Either change alone would have caused an overrun. Together, they produced a 2.4x cost increase in two weeks.

The lesson is not that forecasting is impossible — it is that a good forecast needs to model both inputs explicitly and track them separately. A forecast that only monitors total spend cannot tell you whether the problem is volume growth, cost per request growth, or both.

The three inputs that matter most

At minimum, model these separately:

Cost per request — the average cost of one complete request in the workflow you are forecasting
Requests per day — the current daily volume
Expected daily growth rate — the percentage by which request volume is expected to grow

Simple formula:

Monthly inference cost =
cost per request × requests per day × 30

If you have user-level data:

Monthly inference cost =
cost per request × requests per user × active users

If your product has several AI workflows, create one line per workflow instead of one blended average. A blended average hides the cases where one workflow is cheap and growing slowly while another is expensive and growing fast.
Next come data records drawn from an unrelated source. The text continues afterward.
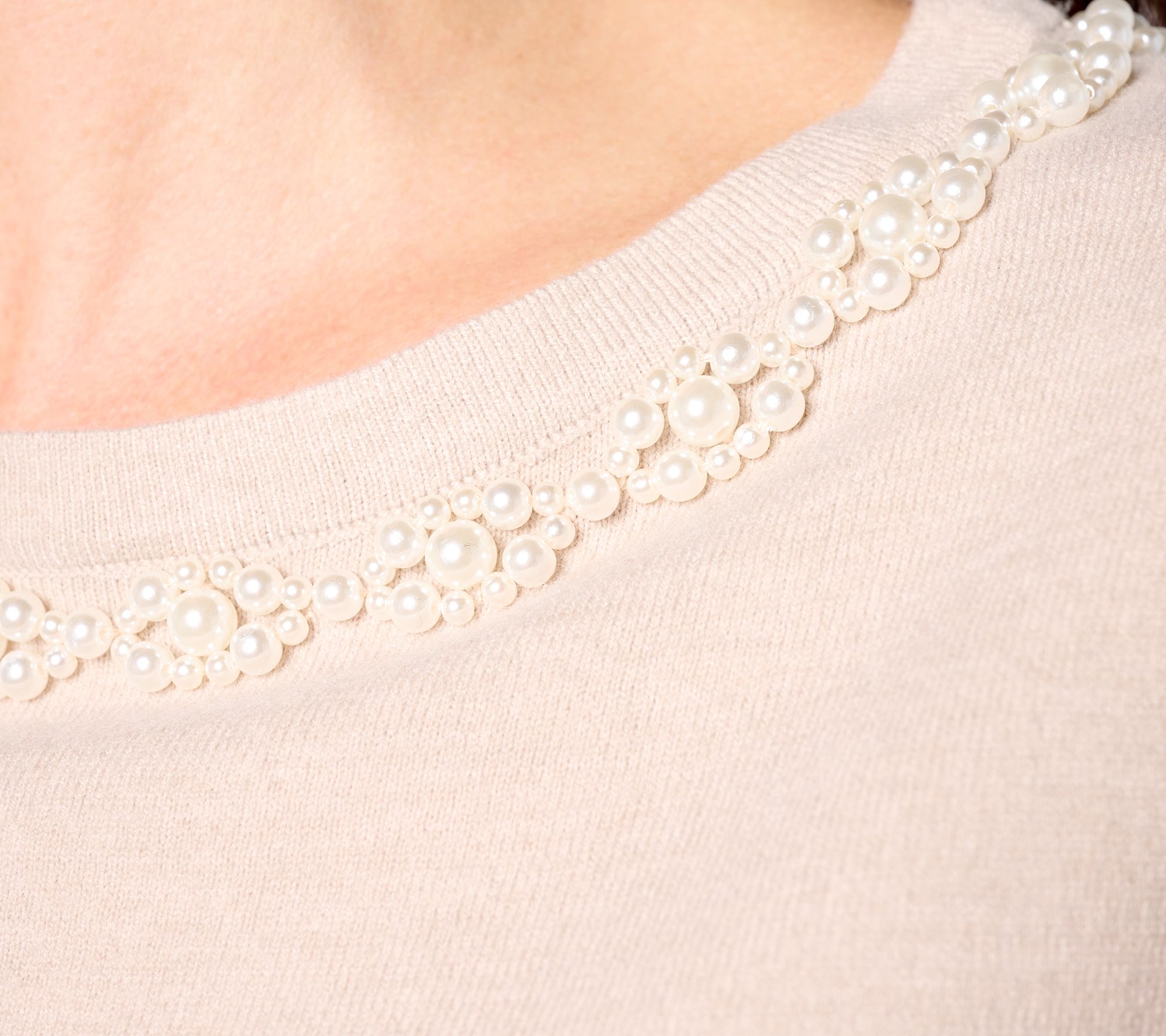 Old-school glamour? It's a vibe, darling! Embrace it in this faux-pearl trimmed top. From Isaac Mizrahi Live!TM.
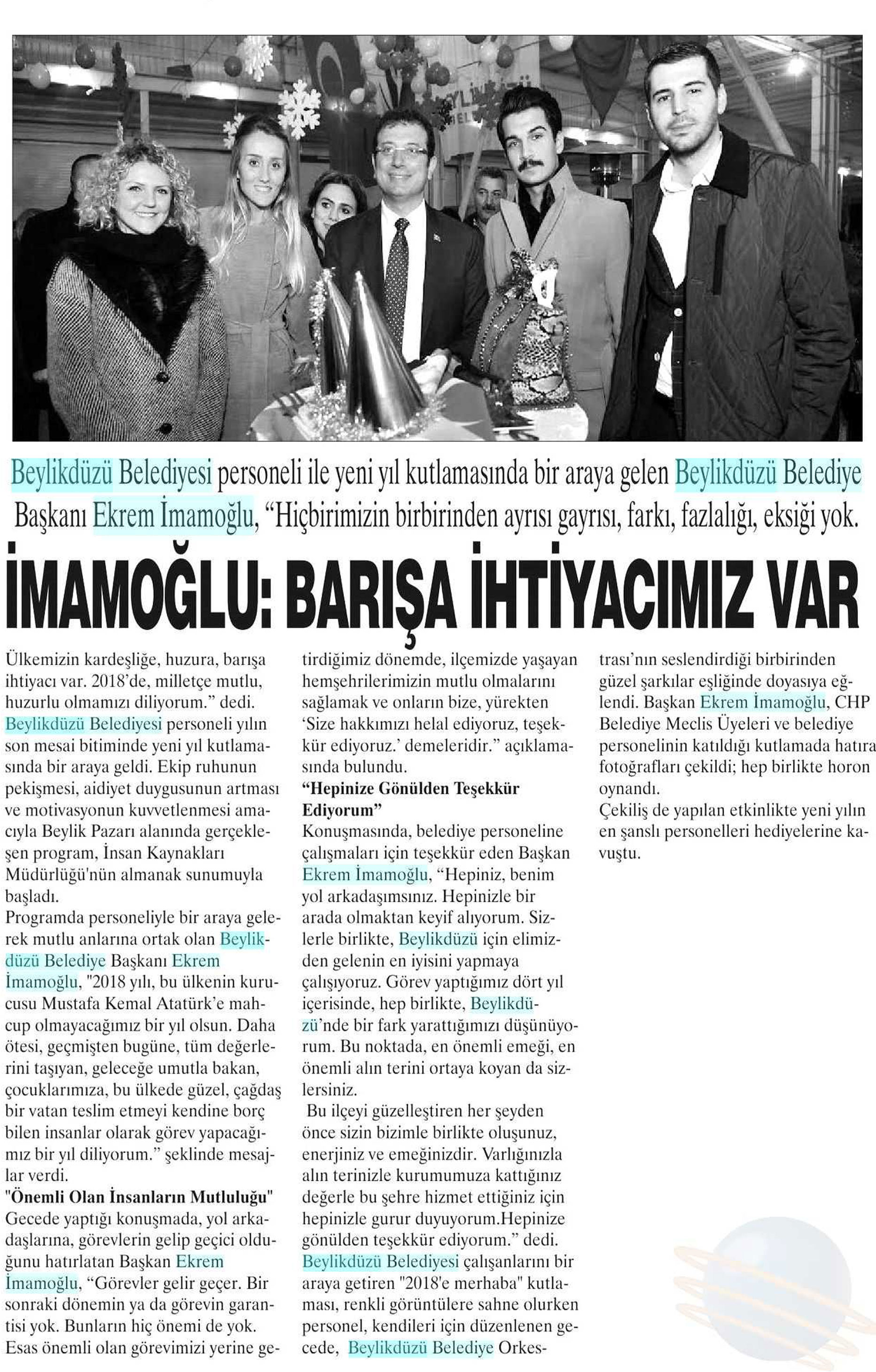 3 Ocak 2018 tarihli "YURT HABER" gazetesi. Beylikdüzü Belediyesi personeli ile yeni yıl kutlamasında bir araya gelen Beylikdüzü Belediye Başkanı Ekrem İmamoğlu, "Hiçbirimizin birbirinden ayrısı gayrısı, farkı, fazlalığı, eksiği yok.
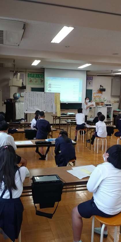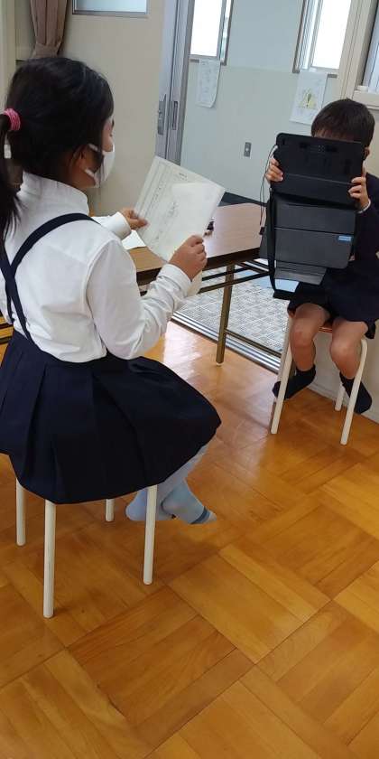 自分の宝物をクラスの友だちに紹介する活動です。今日はいつもの教室より広い多目的室で二人一組になって紹介する様子をタブレットで撮影したり、撮影した映像を見てよかったところやもっとよくなるヒントを話し合ったりしました。
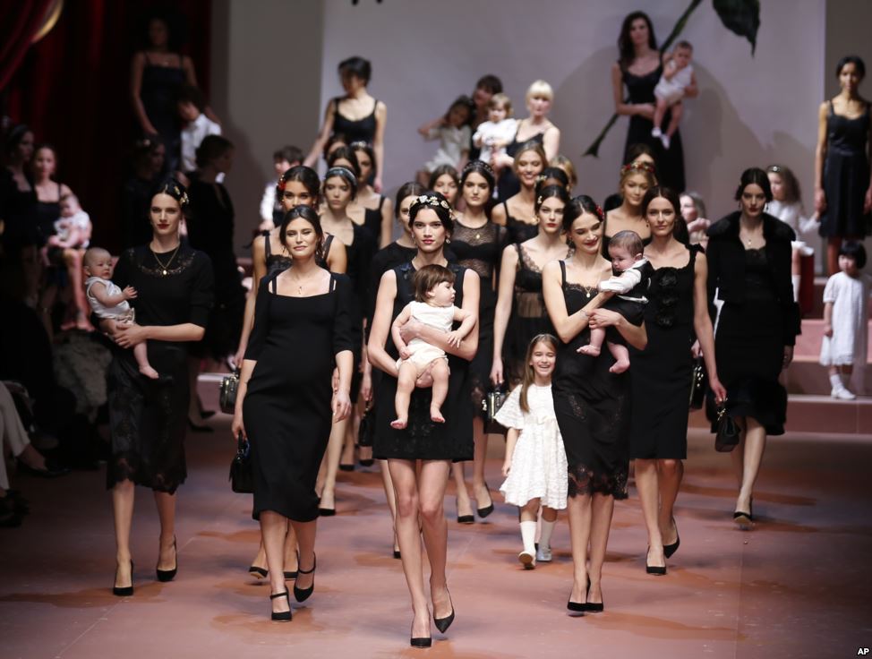 Người mẫu mặc trang phục do hãng Dolce & Gabbana thiết kế cho bộ sưu tập Thu Đông 2015-2016 trong Tuần lễ Thời trang ở Milan, Ý
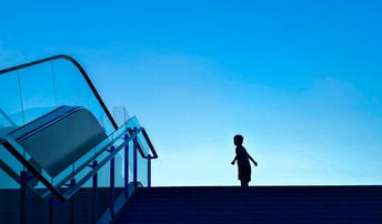 小男孩立于台阶之上,身影坚毅。向着前方未知前行,每一步都是对光明的追逐,拥抱属于自己的天地。
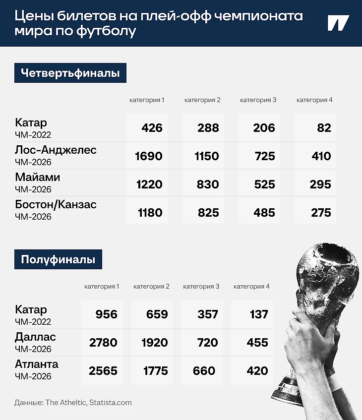 📈 А так можно увидеть рост в среднем в два-три раза относительно стоимости билетов на те же стадии катарского ЧМ.

How to choose cost per request as an input

This is the step that most forecasts get wrong. Teams either guess at cost per request or use an out-of-date number from when the workflow was first built.

The right way to find your cost per request: Pull total inference spend for a specific workflow over the last 7 days and divide by the request count for the same period. Do this per workflow, not for all requests combined.

Cost per request =
total inference spend for workflow X over 7 days
÷ total requests for workflow X over 7 days

If you cannot break out costs by workflow yet, use total inference spend divided by total requests as an approximation. It is less accurate but better than guessing.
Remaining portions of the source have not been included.